Вождь описал рукой круг, показывая, как именно они вырезают грудь. Он не обращал внимания на Африор, как будто она была животным.
— И мы берем это.
Вождь опустил руку, и девушка вскрикнула. Вряд ли от боли; скорее она испугалась, ощутив там его хватку.
— А потом мы режем ее отсюда досюда, — вождь провел рукой снизу вверх, до грудной клетки девушки. — И вынимаем, что есть внутри.
Африор обделалась, и он оскорбленно отступил назад.
— Ты понял?
Тико тупо кивнул.
— Есть другой выбор, — сказал вождь. Полускелинг переводил каждое слово. — Хочешь узнать какой?
— Да, — ответил Тико. — Хочу.
Вождь посмотрел Тико в глаза, потом схватил Африор между ног и ударил кремневым ножом. Она дернулась. Вождь поднял руку и вытряс на землю клок светлых волос.
— И больше ничего.
Тико неуверенно посмотрел на переводчика, потом — на вождя. Наверно, бывший раб напутал с переводом.
— Вреда не будет, если сделаешь, что мы просим.
А потом скелинг сказал, чего они хотят. Раз двое рабов не должны быть вместе, никому не покажется странным, если вернется только один. Ночью Тико отопрет ворота Бьорнвина. Если нет, то на рассвете он найдет у ворот ее останки. А если все пройдет гладко, то они оба смогут беспрепятственно пройти через земли скелингов и уйти, куда хотят.

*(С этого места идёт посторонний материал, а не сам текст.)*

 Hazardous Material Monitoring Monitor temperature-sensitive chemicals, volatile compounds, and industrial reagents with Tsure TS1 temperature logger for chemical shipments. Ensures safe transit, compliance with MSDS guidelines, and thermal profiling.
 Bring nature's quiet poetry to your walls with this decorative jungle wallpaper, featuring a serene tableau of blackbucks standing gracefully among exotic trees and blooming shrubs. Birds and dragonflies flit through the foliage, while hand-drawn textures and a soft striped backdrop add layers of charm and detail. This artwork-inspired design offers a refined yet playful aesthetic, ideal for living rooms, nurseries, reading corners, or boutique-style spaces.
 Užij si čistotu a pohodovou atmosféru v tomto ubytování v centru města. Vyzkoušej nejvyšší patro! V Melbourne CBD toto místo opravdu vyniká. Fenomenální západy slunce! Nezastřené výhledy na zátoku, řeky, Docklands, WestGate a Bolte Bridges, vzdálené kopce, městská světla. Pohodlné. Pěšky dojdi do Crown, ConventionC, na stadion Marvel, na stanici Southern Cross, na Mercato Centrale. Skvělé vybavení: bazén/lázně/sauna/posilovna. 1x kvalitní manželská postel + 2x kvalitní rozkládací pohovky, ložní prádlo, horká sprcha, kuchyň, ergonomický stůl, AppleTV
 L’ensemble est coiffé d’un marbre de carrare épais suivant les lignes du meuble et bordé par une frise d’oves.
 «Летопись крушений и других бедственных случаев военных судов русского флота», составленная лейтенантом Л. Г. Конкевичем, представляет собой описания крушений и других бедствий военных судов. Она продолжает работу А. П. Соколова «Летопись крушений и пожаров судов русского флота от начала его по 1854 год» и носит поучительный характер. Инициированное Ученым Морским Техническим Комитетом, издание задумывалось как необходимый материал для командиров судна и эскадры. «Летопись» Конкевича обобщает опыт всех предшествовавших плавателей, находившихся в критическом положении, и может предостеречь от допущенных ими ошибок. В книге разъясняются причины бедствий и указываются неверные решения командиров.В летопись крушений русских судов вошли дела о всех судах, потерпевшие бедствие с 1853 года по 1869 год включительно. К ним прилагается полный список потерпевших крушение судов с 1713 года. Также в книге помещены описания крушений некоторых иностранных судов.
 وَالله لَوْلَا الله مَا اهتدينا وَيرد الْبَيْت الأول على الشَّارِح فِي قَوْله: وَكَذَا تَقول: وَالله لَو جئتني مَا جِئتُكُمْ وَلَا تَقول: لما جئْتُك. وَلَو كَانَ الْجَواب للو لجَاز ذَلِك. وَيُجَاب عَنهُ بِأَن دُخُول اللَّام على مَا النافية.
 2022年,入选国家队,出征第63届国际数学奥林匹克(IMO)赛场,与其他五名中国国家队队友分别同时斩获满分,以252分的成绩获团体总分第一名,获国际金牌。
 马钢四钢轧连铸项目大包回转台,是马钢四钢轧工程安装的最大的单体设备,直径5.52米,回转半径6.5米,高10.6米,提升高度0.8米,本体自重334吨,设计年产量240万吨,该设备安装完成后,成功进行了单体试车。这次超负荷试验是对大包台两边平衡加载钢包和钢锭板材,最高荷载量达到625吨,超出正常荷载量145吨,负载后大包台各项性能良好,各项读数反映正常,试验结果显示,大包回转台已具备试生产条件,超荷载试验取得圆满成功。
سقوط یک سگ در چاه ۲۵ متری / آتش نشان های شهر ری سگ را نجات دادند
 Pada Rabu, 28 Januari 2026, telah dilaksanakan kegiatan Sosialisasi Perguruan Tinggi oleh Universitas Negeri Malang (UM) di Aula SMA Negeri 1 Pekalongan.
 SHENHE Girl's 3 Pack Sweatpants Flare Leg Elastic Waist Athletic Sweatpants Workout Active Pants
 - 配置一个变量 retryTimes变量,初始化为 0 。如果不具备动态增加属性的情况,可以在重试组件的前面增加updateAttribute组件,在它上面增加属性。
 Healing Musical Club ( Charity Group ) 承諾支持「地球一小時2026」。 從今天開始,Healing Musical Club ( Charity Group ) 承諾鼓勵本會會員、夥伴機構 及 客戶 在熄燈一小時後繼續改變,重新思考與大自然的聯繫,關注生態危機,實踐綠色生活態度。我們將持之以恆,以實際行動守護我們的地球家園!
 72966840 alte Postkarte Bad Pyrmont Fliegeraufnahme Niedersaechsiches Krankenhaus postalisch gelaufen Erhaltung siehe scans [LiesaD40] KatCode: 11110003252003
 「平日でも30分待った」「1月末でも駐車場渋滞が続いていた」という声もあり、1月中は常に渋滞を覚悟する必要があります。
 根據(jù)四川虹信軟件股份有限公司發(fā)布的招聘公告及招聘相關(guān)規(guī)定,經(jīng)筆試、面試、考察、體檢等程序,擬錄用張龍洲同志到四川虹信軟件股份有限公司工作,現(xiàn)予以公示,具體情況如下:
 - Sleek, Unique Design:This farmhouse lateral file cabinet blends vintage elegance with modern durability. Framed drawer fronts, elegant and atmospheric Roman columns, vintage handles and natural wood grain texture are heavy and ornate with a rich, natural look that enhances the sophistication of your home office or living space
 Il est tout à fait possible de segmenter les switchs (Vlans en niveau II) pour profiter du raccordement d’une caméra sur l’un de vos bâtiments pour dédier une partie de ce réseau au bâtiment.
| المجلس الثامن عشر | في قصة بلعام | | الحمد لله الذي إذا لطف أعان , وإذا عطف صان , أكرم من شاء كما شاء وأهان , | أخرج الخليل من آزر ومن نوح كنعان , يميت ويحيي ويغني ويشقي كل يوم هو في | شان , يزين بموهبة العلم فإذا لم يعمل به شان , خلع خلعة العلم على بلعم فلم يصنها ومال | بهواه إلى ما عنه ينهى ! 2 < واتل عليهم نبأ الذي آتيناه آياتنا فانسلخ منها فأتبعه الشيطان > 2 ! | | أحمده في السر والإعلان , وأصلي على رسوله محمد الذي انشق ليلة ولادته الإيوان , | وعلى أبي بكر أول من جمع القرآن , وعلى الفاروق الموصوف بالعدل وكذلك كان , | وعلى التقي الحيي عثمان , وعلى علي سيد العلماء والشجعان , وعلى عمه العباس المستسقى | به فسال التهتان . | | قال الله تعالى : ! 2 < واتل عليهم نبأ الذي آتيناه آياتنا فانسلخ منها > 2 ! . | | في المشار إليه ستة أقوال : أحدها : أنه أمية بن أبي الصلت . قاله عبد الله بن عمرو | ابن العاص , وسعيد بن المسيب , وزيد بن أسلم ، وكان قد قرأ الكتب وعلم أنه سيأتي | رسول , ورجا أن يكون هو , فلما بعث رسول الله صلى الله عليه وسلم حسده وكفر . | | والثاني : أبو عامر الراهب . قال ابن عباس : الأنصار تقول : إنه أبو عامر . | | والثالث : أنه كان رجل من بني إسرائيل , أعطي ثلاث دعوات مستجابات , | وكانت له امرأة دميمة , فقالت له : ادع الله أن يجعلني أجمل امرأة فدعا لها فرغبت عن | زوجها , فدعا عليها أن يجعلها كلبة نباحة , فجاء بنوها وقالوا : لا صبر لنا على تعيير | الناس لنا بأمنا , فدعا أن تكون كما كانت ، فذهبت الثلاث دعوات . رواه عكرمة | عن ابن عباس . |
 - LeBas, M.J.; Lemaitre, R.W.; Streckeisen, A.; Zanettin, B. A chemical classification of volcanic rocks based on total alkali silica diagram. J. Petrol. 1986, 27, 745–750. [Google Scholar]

— Нас убьет следующее племя.
— Тебе лучше задуматься, — ответил вождь, — не убьем ли вас мы.
Тико мог позволить Африор умереть. С ее смертью исчезнет опасность, что кто-нибудь прознает о случившемся. Он может вернуться, вновь стать волкодавом господина Эрика и по-прежнему не обращать внимания на злобную суку, которую он называл матерью.
Тико был рабом. Господин Эрик говорил: «Сделай», и он делал.
Он бегал быстрее других, прыгал выше, охотился ловко и тихо. Но его не ценили, а ненавидели. Почти каждый день он вставал с рассветом, выполнял приказы до поздней ночи, а потом засыпал. Спасти Африор — значит предать всех остальных. Разве это правильно?
Он может рассказать обо всем господину Эрику. Его изобьют до полусмерти, но ведь не в первый раз. Но тогда Африор умрет, а Тико хочет ее.
Он убил стражника у ворот. Ударил его дубинкой по голове. А когда стражник умер, Тико поднял засов и открыл ворота Бьорнвина.
В воротах вождь скелингов толкнул вперед голую связанную девушку, оттянул ей голову назад и, плюнув в лицо, перерезал горло.
Африор, истекая кровью, упала на землю.
Героическая атака Тико заслуживала увековечивания в песне, но ее некому было сложить. Он в ярости подхватил меч мертвого стражника, бросился к вождю, воткнул ему лезвие в живот и повернул.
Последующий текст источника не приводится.